Tensors and arrays of different sizes
In deep learning code, images, weights, and activations are usually stored as tensors: multi-dimensional arrays of numbers with a fixed shape (length along each axis).
Think of the rank (number of axes) and the size along each axis:
| Rank | Informal name | Example shape | Example meaning in vision |
|---|---|---|---|
| 0 | Scalar | () |
One number, such as a loss value |
| 1 | Vector | (5,) |
Five scores after a small layer |
| 2 | Matrix | (3, 4) |
A batch of three vectors of length four, or a tiny grayscale patch |
| 3 | 3D array | (3, 32, 32) |
One RGB image: 3 channels, height 32, width 32 (PyTorch-style C×H×W) |
| 4 | 4D array | (16, 3, 224, 224) |
16 images, 3 channels, 224×224 pixels (N×C×H×W, common in PyTorch) |
Channel order depends on the library:
- PyTorch CNNs usually expect NCHW: batch, channels, height, width.
- NumPy plots and many image files are often HWC: height, width, channels.
You must reshape or permute if you convert between conventions.
Small tensors in plain Python (intuition)
A nested list can represent a 2×3 “matrix” (two rows, three columns):
rows = 2
cols = 3
small = [[10 * r + c for c in range(cols)] for r in range(rows)]
# [[0, 1, 2], [10, 11, 12]]That idea extends to more dimensions, but real models use NumPy or PyTorch so shapes, broadcasting, and hardware acceleration are manageable.

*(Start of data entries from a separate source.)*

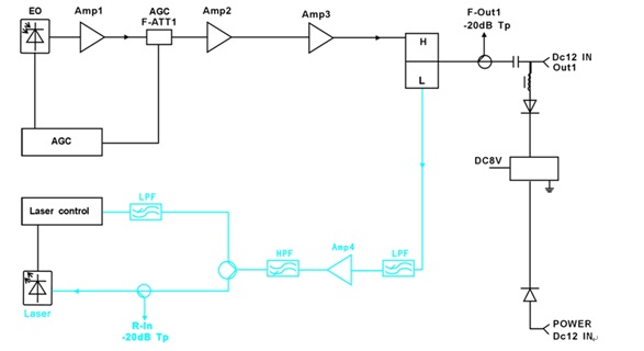 2. Backward optical transmit part: Link flatness and NPR dynamic range are the link indexes which is composed of backward optical transmitter and backward optical receiver.
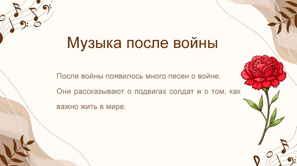 Музыка после войныПосле войны появилось много песен о войне.
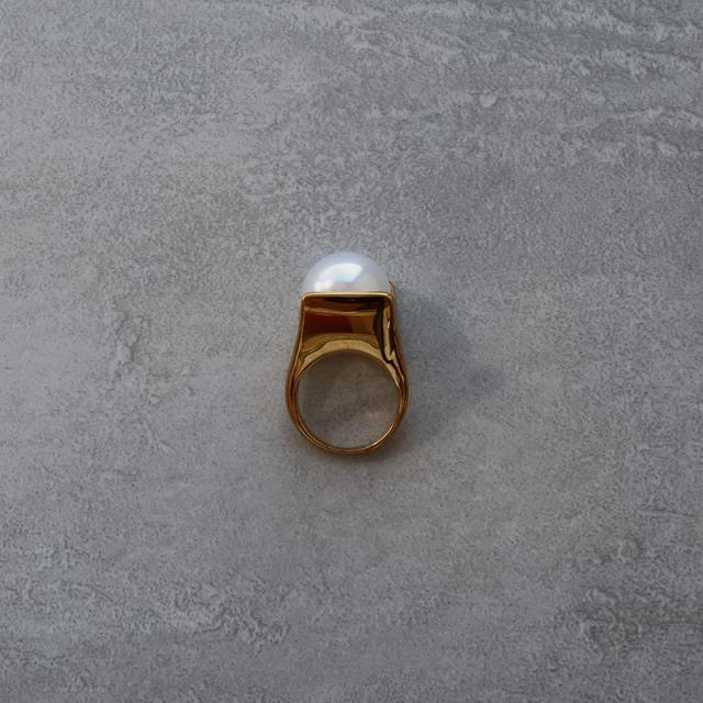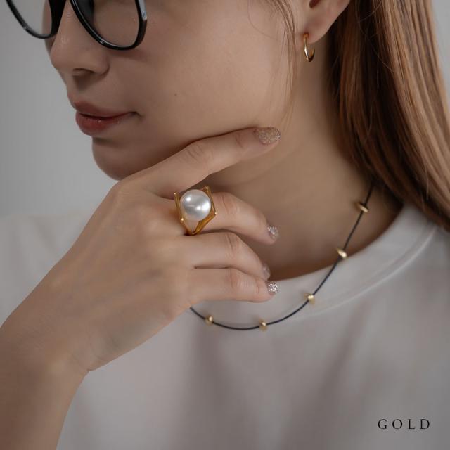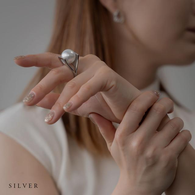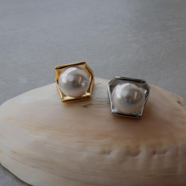 大粒のパールを1粒セットした、シンプルながらも個性が光るデザイン。

NumPy: shape and common constructors
import numpy as np
a = np.zeros((2, 3)) # 2×3 matrix of zeros
b = np.ones((4,)) # length-4 vector of ones
c = np.random.randn(3, 3, 3) # 3×3×3 random values (e.g. a tiny 3-channel volume)
print(a.shape, b.shape, c.shape)PyTorch: tensors for CNN inputs
In PyTorch, torch.Tensor objects are the usual type for training. Examples of different sizes:
import torch
# Vector of 10 scores (logits for 10 classes)
scores = torch.randn(10)
# One grayscale image: 1 channel, height 28, width 28 (MNIST-style)
gray_one = torch.zeros(1, 28, 28)
# Mini-batch of 32 RGB images, 64×64 (N, C, H, W)
batch = torch.randn(32, 3, 64, 64)
print(scores.shape, gray_one.shape, batch.shape)Reshaping (same total number of elements)
Changing shape does not change how many numbers you have, only how they are grouped. A length-12 vector can become 3×4 or 2×2×3:
import torch
x = torch.arange(12, dtype=torch.float32) # 12 elements
y = x.view(3, 4) # 3×4 matrix
z = x.reshape(2, 2, 3) # 2×2×3 tensor
# view/reshape require total size to match: 12 = 3*4 = 2*2*3Use **view** when memory is contiguous; use **reshape** when you want a safe choice that may copy if needed. In image pipelines, reshaping often appears when converting between flattened vectors and feature maps.
For this chapter, the key habit is to always know your tensor shape (especially N, C, H, W) before passing data into a convolution or plotting it.
What is a CNN?
A Convolutional Neural Network, or CNN, is a neural network designed for image-like data.
CNNs use convolutional layers to scan small filters across an image.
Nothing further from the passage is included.